Review of Stereotactic Arrhythmia Radioablation Therapy for Cardiac Tachydysrhythmias

Michael H Chiu  1 L Brent Mitchell  1 Nicolas Ploquin  1 Salman Faruqi  1 Vikas P Kuriachan  1
Affiliations
Review

Review of Stereotactic Arrhythmia Radioablation Therapy for Cardiac Tachydysrhythmias

Michael H Chiu et al. CJC Open. .

Abstract
in English, French

Cardiac tachyarrhythmias are a major cause of morbidity and mortality. Treatments for these tachyarrhythmias include antiarrhythmic drugs, catheter ablation, surgical ablation, cardiac implantable electronic devices, and cardiac transplantation. Each of these treatment approaches is effective in some patients but there is considerable room for improvement, particularly with respect to the most common of the tachydysrhythmias, atrial fibrillation, and the most dangerous of the tachydysrhythmias, ventricular tachycardia (VT) or ventricular fibrillation. Noninvasive stereotactic ablative radiation therapy is emerging as an effective treatment for refractory tachyarrhythmias. Animal models have shown successful ablation of arrhythmogenic myocardial substrates with minimal short-term complications. Studies of stereotactic radioablation involving patients with refractory VT have shown a reduction in VT recurrence and promising early safety data. In this review, we provide the background for the application of stereotactic arrhythmia radioablation therapy along with promising results from early applications of the technology.

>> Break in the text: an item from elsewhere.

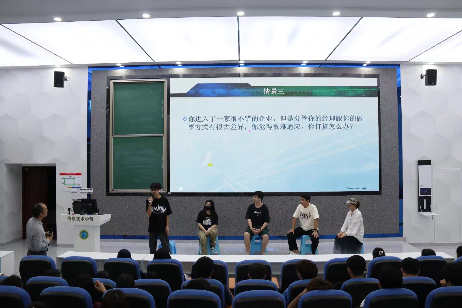 活动伊始,肖鹏老师通过深入浅出的讲解,向同学们介绍了职场中可能遇到的各种情况,并精心设计了多个模拟场景,使同学们能够身临其境地体验职场生活。在每个模拟场景中,肖老师都挑选了同学上台参与互动,模拟在职场中可能遇到的各种挑战和问题。他向员工们提出了一系列具有针对性的问题,挑战员工们的职场应对能力,同学们面对老师的提问,对答如流,充分展示了他们的专业素养和应变能力,现场气氛热烈而活跃。

Les tachyarythmies cardiaques sont une cause importante de morbidité et de mortalité. Les traitements employés comprennent des antiarythmiques, l’ablation par cathéter, l’ablation par chirurgie, l’implantation de dispositifs cardiaques électroniques et la transplantation cardiaque. Toutes ces démarches thérapeutiques sont efficaces dans certains cas, mais les traitements peuvent encore être largement améliorés, en particulier en ce qui concerne la fibrillation auriculaire, qui est la tachyarythmie la plus fréquente, et la tachycardie ventriculaire (TV, aussi appelée fibrillation ventriculaire), qui est la tachyarythmie la plus dangereuse. La radiochirurgie stéréotaxique non invasive se démarque de plus en plus comme traitement efficace des tachyarythmies réfractaires. Des substrats myocardiques arythmogènes ont pu être réséqués avec succès sur des modèles animaux, l’intervention n’ayant entraîné que des complications minimales de courte durée. Dans le cadre d’études menées auprès de patients présentant une TV réfractaire, la radiochirurgie stéréotaxique a permis de réduire le risque de récurrence de la TV, et les premières données sur l’innocuité du traitement sont encourageantes. Dans notre revue, nous précisons le cadre d’application de la radiochirurgie stéréotaxique visant à réséquer le tissu responsable de l’arythmie, et nous présentons les résultats prometteurs des premières applications de la technologie à cette fin.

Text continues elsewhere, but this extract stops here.